What to Look for in a Multivitamin

Always speak with your health care provider before starting a new supplement. They have a better idea of your medical history and health needs to help you make the best choice for yourself. Before adding more vitamins to your supplement stash, here are some things to consider.

Choose Nutrients You May Lack

Depending on your lifestyle or health issues, you may be fully aware of the nutrients you lack. Vegetarians and vegans are prone to deficiencies in iron and vitamin B12. "Pay attention to the specific nutrients you may fall short on. Many people can use a daily boost of nutrients like vitamin D and iron. If these nutrients are a concern for you, make sure your multivitamin has vitamin D3, the most absorbable type, and contains iron since not all multivitamins do.
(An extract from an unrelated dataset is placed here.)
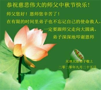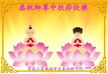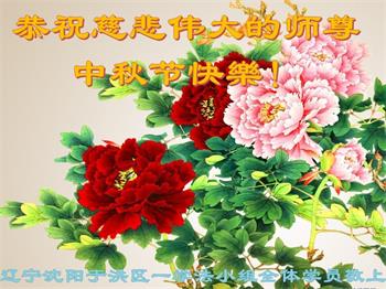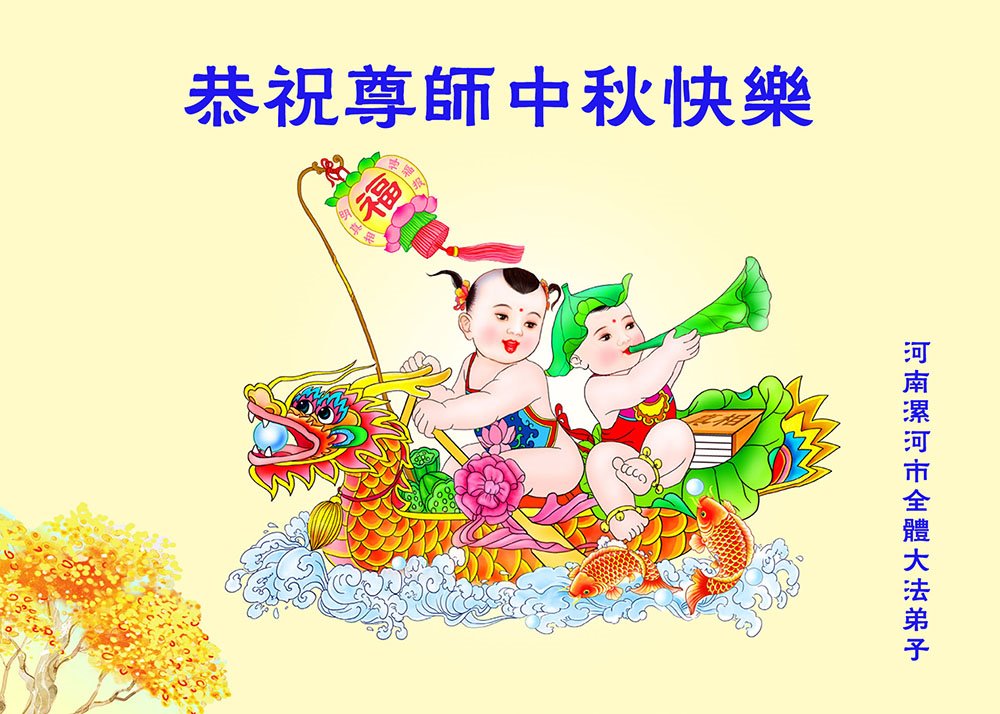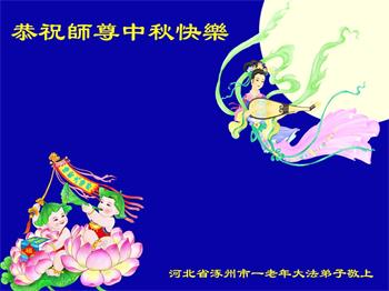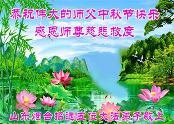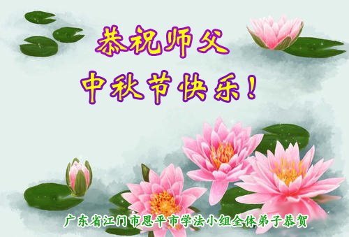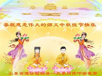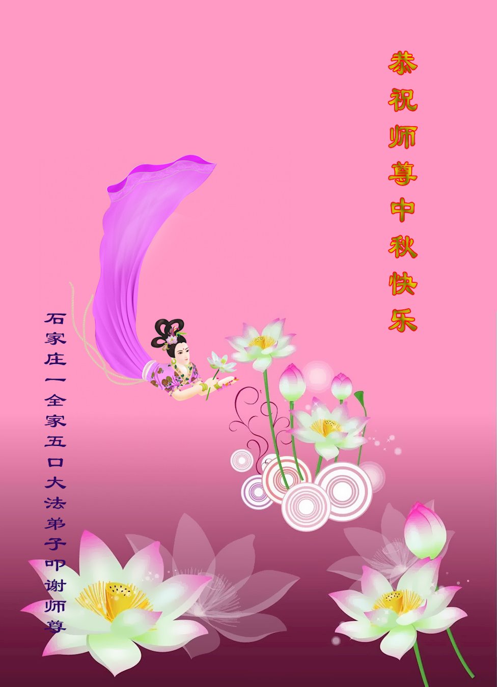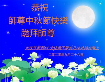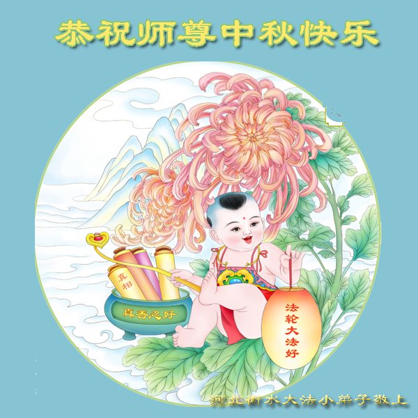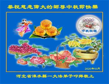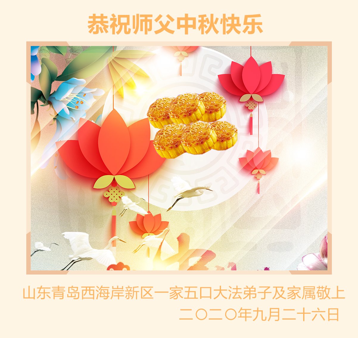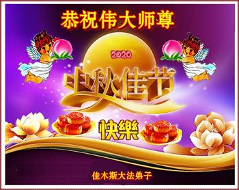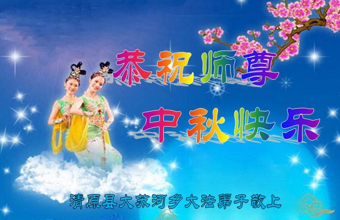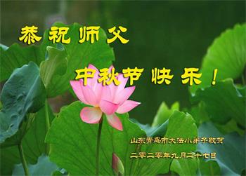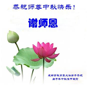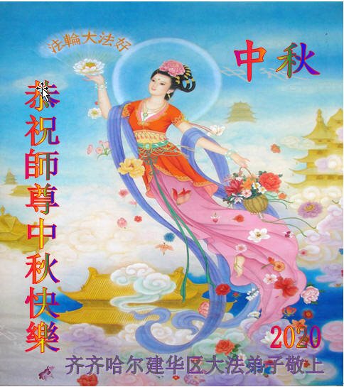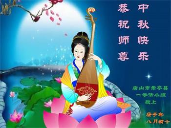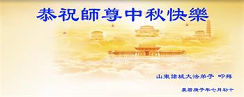 中国民众在贺词中写道:在中秋节来临之际,感恩大法师父的慈悲保护!我们盼望您早日回归中土,恩泽百姓,让亿万个家庭解开中共的枷锁,让中华民族五千年的文明在中原再现。

Or, take an iron supplement separately as prescribed by your doctor," says Lorencz.

Stick to Certified Supplements with Safe Ingredients

Some supplements may contain contaminants like heavy metals. To avoid tainted supplements, look for signs on the label that they have been verified. "When choosing a multivitamin, look for the USP or NSF third-party seal of approval on the bottle. This ensures the product contains what it said it does and is held to the highest quality standards," says Mitri. You can also narrow your search by avoiding supplements that give an oversupply of nutrients. "Look for ingredients that meet as close to 100% of the RDA for that nutrient as possible and are free from additives and fillers," Mitri adds.

The Bottom Line

What happens to your body when you take a multivitamin every day could vary from renewed energy to more brainpower. While the research on multivitamins continues, daily multivitamins may not benefit everyone. The truth is that multivitamins may offer little benefit if you're a healthy eater. Eating a wide variety of healthy foods is the first-line approach to supplying your body with the nutrition essentials. Talk to your medical provider about supplementation options if you have a poor appetite, digestion problems, food allergies or a new pregnancy.